Zamanın acelesi yoktur. Kendisine çizilen yoldan, menzile doğru yavaş yavaş akar. İçinde yaşayanların acelelerinden habersizdir. Çağın iletişim ve ulaşım araçlarının hızıyla yarışanlar, hiçbir zaman o hıza yetişemeyeceklerdir. İnsan, zaman gibi yaşamaya alışmalı yavaş yavaş…
Beyhude bir yarışa zorlarken ihtiyaçlarımız ve mecburiyetlerimiz, hayatın küçük güzelliklerini ıskalıyoruz. Oysa ki o göremediğimiz küçük ayrıntıları, güzellileri biriktirebilsek, işte o zaman hayatımız gerçek anlamda, anlamlanacaktır.
Çağın sunduğu nimetlerin hızına yetişmek isteyenlerin çoğu, anın güzelliğine kısa süreli ulaşmayı başarsa bile her zaman geride kalmaya mahkumdur. Geride kalıp yetişmeye çalışmak ise zamanı olduğundan daha kısa hissetmesine ve çok kolay olan güzelliklere bile zaman ayıramaz hale gelmesine neden olacaktır.
Bekleyenler, yetişmeye çalışanlardan daha çok zamanı ve içindekileri hisseder. Oysa ki hayatta ne varsa bir zaman ve mekân dairesi içinde vücut bulur. Ne kadar hızlı yaşarsa yaşasın bir insan, vaktinden önce doğamaz, ölemez, yaşayacağı bir olayı yaşayamaz.

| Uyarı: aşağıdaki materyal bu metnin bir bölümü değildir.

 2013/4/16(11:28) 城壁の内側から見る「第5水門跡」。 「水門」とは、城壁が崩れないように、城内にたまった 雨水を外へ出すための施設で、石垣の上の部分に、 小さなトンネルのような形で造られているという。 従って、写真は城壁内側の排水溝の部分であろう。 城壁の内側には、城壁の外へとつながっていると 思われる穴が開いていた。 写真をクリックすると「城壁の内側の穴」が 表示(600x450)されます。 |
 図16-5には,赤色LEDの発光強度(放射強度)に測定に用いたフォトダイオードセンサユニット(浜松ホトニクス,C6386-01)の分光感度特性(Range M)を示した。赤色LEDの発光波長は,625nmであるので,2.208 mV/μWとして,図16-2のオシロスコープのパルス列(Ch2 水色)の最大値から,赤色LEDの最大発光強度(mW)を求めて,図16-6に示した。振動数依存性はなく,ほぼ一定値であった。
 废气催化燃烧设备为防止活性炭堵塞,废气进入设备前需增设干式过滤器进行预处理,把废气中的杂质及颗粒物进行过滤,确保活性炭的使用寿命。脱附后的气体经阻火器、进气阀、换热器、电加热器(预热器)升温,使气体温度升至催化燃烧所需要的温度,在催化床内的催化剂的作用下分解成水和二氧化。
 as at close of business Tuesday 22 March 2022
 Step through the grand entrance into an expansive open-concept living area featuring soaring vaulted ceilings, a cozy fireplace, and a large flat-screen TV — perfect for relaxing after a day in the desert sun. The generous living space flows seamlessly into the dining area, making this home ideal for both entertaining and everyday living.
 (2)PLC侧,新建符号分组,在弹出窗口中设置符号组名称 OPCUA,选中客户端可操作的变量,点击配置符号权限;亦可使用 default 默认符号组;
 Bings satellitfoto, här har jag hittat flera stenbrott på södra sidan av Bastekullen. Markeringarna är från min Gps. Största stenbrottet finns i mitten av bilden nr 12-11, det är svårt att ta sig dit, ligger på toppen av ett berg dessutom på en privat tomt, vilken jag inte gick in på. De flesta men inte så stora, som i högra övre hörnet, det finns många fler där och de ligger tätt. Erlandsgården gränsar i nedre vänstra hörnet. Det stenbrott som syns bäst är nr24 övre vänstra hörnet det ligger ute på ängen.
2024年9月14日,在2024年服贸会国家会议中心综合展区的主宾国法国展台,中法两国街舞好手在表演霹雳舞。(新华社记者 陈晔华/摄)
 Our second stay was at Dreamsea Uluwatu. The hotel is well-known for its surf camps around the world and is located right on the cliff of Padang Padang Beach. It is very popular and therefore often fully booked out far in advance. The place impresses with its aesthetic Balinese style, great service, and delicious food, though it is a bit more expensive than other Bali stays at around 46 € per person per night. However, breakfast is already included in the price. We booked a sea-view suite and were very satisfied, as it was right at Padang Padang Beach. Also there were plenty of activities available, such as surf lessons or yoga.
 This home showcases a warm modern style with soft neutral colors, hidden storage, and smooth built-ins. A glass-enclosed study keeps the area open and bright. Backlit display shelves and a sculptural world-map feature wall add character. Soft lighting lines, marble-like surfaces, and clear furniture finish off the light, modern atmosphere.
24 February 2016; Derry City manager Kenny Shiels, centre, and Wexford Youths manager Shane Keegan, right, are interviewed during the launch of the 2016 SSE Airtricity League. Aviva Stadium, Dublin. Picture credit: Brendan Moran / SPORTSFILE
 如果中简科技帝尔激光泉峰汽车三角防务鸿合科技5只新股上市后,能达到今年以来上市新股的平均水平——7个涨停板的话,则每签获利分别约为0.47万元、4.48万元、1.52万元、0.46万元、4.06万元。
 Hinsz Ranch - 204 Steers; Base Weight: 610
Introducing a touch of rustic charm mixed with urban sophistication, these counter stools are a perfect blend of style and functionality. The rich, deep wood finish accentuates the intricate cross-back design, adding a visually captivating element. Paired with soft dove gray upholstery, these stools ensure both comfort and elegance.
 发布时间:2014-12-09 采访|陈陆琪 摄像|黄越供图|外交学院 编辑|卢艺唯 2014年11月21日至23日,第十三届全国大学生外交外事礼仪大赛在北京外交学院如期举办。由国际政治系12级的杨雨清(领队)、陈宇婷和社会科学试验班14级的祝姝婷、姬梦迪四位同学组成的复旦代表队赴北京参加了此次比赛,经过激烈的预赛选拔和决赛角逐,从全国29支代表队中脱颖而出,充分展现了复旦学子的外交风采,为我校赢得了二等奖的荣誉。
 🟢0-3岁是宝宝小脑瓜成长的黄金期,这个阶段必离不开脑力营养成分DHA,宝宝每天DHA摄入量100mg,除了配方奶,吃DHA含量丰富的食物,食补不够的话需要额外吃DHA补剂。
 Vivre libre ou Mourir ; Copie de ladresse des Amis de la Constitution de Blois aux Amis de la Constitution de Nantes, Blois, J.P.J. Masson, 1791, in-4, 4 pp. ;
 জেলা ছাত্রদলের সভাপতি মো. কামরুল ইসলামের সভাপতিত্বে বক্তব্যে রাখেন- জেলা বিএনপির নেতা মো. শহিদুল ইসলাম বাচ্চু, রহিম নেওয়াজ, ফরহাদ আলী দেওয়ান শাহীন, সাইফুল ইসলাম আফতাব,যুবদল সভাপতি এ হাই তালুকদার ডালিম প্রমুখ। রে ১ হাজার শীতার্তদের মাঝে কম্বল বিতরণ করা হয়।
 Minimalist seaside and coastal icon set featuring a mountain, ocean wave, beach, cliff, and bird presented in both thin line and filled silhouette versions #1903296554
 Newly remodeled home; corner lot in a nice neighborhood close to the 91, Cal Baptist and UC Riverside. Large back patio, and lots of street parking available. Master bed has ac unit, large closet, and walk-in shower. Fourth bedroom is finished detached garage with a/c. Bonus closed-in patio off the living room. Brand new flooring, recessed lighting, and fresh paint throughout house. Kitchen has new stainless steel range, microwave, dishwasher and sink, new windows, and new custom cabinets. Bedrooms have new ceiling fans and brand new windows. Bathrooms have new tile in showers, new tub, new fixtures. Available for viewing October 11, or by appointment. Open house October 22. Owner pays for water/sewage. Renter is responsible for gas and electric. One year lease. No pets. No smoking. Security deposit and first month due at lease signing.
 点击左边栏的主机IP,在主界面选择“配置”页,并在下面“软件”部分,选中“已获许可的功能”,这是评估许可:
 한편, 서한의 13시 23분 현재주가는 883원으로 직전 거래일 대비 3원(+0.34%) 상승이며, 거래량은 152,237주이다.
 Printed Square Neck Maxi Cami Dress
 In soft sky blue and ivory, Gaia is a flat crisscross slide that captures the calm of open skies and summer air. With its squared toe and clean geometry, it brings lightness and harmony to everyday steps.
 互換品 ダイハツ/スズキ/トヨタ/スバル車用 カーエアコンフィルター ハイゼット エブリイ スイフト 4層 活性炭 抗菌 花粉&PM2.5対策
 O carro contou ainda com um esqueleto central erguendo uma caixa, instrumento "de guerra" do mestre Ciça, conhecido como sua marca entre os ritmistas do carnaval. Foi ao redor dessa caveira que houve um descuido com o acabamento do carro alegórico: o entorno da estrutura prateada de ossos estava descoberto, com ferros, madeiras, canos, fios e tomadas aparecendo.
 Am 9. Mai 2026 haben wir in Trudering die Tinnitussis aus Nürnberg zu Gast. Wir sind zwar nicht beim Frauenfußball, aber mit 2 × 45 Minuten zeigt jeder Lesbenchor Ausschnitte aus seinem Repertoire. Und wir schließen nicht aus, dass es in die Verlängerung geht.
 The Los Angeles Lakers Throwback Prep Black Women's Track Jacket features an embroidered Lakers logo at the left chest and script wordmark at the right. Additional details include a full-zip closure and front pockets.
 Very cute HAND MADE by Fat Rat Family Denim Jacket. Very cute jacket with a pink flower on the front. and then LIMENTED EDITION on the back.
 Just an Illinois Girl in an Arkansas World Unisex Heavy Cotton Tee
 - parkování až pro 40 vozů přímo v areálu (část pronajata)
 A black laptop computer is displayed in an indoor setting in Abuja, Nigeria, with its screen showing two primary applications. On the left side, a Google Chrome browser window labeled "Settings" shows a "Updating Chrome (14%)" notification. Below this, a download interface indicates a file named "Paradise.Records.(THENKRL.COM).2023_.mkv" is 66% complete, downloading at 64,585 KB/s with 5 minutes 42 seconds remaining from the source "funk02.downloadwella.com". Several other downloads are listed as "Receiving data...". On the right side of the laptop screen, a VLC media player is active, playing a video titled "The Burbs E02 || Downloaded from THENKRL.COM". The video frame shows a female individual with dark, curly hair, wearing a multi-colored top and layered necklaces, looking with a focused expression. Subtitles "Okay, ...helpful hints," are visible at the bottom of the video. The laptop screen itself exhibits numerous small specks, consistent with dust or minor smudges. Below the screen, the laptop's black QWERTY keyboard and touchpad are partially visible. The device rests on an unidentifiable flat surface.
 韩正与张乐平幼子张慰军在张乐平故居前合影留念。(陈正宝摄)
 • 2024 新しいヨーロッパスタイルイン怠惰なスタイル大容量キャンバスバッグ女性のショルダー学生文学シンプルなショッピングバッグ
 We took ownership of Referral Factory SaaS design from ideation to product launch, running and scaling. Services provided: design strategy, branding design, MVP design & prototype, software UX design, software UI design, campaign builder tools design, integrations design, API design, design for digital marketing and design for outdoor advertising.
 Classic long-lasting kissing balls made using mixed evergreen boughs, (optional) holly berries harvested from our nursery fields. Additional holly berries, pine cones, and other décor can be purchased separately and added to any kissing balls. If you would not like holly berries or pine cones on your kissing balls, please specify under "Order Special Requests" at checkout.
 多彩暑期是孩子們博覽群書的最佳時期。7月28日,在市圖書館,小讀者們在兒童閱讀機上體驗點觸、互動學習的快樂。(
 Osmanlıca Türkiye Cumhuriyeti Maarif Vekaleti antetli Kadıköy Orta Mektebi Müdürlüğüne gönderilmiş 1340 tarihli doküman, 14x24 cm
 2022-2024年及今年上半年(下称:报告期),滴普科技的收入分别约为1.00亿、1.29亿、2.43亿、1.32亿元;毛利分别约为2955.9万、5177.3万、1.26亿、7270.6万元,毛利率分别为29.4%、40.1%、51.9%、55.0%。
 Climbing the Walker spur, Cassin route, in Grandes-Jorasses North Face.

Aslında yaşantımızda bunun defalarca örneğini görmekteyiz. Ama niye hızlı bir yaşam, niye zamanla bir yarış içindeyiz, anlamak kolay olmasa gerek. Mesela hiçbir tohum toprağın bağrında filizlenmek için acele etmez. O kurumuş kütükleşmiş tohum zamanın, suyun ve toprağın ona yol açmasını bekler, sonra kabuğu çatlar. İçinden çıkan filiz ne üzerindeki kabuğu çatlamaya ne de toprağı delip güneşe ulaşmaya güç yetirebilir. Toprak, dokunmakla bile kırılacak bir filize güneşe ulaşsın diye gevşedikçe gevşer yol açar, önünde durmaz.
Tohum acele etmez filizlenirken, toprağın üzerine çıkarken, fidan olurken, ağaç olurken. Çünkü bilir hayat, yavaş yavaş doğmak ve yaşamaktır.
Modern hayatın sunduğu, hızlı ve sonu gelmeyecek hedeflere doğru çılgınca koşma hastalığı, belki de bugünün insanlarının en büyük imtihanı olsa gerek. Ne zaman ki insan yaşam hızını düşürür ve etrafında olan biteni fark eder, işte o zaman bunca koşuşturmanın yersizliğini anlayacaktır. Bu konuyu güzel hikâye ile özetleyelim
Bir zamanlar Afrika’da kayıp bir şehri aramakta olan arkeologlar, beraberlerindeki eşya ve yükleri, hayvanların ve yerlilerin yardımı ile taşıyarak uzun bir yolculuğa çıkmışlar. Kafile zor tabiat şartlarında, balta girmemiş ormanların içinde ilerleyerek, nehirleri, çağlayanları geçerek yolculuğa günlerce devam etmiş.
Fakat günlerden bir gün yerlilerin bir kısmı birden durmuşlar. Taşıdıkları yükleri yere indirmişler ve hiç konuşmadan beklemeye başlamışlar. Ulaşmak istedikleri yere bir an önce varmak isteyen batılı arkeologlar bu duruma bir anlam veremeyip, zaman kaybettiklerini, bir an önce yola devam etmeleri gerektiğini anlatarak, yerlilerin neden durduklarını öğrenmek istemişler. Fakat yerliler büyük bir suskunluk içinde sadece bekliyorlarmış. Bu anlaşılmaz durumu yerlilerin dilinden anlayan rehber, onlarla bir süre konuştuktan sonra şu şekilde ifade etmeye çalışmış:
“Çok hızlı gidiyoruz. Ruhlarımız geride kalıyor.”
Evet hızlı yaşamanın bazı güzellikleri olabilir, ama zamanı, hayatı daha güzel kavrayabilmemizin yolu, yavaş yavaş yaşamak ve güzel erdemleri çoğaltarak hayatımız güzelleştirmektir.